US states move toward uniform graduation rate reporting

Comparing graduation rates from one state to the next or even one school to another can be as difficult as trying to help your children with their math homework.

That challenge is expected to go away within the next five years, with US Education Secretary Margaret Spellings proposing new rules that would require states to assign each student a unique ID number. This will facilitate tracking from the time a student enters 9th grade until he graduates or drops out of school.

Spellings' call – which mirrors an agreement from the National Governors Association – will force every district to face up to the reality of a more scientific graduation rate, and quit hiding behind more positive estimates.

Washington state assigned a unique ID to every student four years ago, so this year's senior class will be the first with four years of data, so the 2008 graduation rate will be based on the method Spellings wants to mandate for all states.

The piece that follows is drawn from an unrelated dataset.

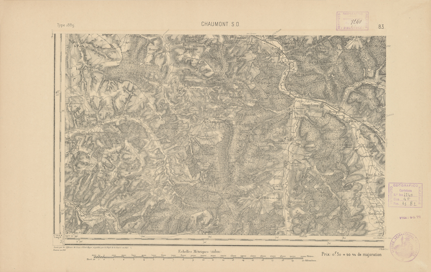 "Paris. Service Géographique de l'Armée, 1889. Ebbe origine dall'Edizione zincografica in quarti di foglio, stabilita dal 1879, per la carta detta de "L'Etat-Major". Infatti non rispondono più il sistema della riproduzione zincografica alle esigenze che la revisione dei fogli imponeva, per un inevitabile logoramento dei rami originali, fu proposta dapprima la correzione degli zinchi, ma questo, importando un lavoro lungo e gravoso, si adottò il procedimento galvanico. I rami galvanici ottenuti e corretti secondo questo sistema presero il nome di "édition type 1889". Allo scopo di facilitare l'incisione fu adoperata la suddivisione in quarti di foglio come per l'edizione zincografica. La revisione dei fogli di questo tipo non fu iniziata che nel 1893. Dal catalogo del S.G.A. risultano mancanti a questa edizione i dipartimenti della "Moselle", del "Bas-Rhin" e del "Haut-Rhin" per i quali non esiste che una edizione in fogli interi aggiornata nel 1901."

State officials don't know if the new method will help or hurt Washington's steady 70% on-time graduation rate, said Joe Willhoft, director of assessment for the Washington Office of the Superintendent of Public Instruction.

But, Willhoft adds, the point of the effort is to come up with a number that tells the truth.

One of the facts covered up by graduation rate estimates is that only about one half of minorities graduate from high school, while those without a diploma face a bleak future. No Child Left Behind was supposed to focus on the inequalities in the nation's public schools, but has done little to improve graduation rates.

The federal government has offered grants to improve state education departments' data systems, which may be used to pay for a system to track students by unique IDs, said US Education Department spokesman Chad Colby. The federal government gave a total of US$62.2 million to 13 states in 2007 for data systems, which can cost millions.

New York is also in the process of adopting the new approach, and state officials expect the more accurate numbers will be significantly lower in some cases because many schools used an index that didn't account for students who dropped out in ninth and tenth grades.

Spellings' proposal mandates calculating graduation rates by following each 9th grader for four years in every state by the 2013-14 school year.

“Her approach allows one year to prepare and four years to implement, which is a reasonable approach,” said Willhoft of Washington state.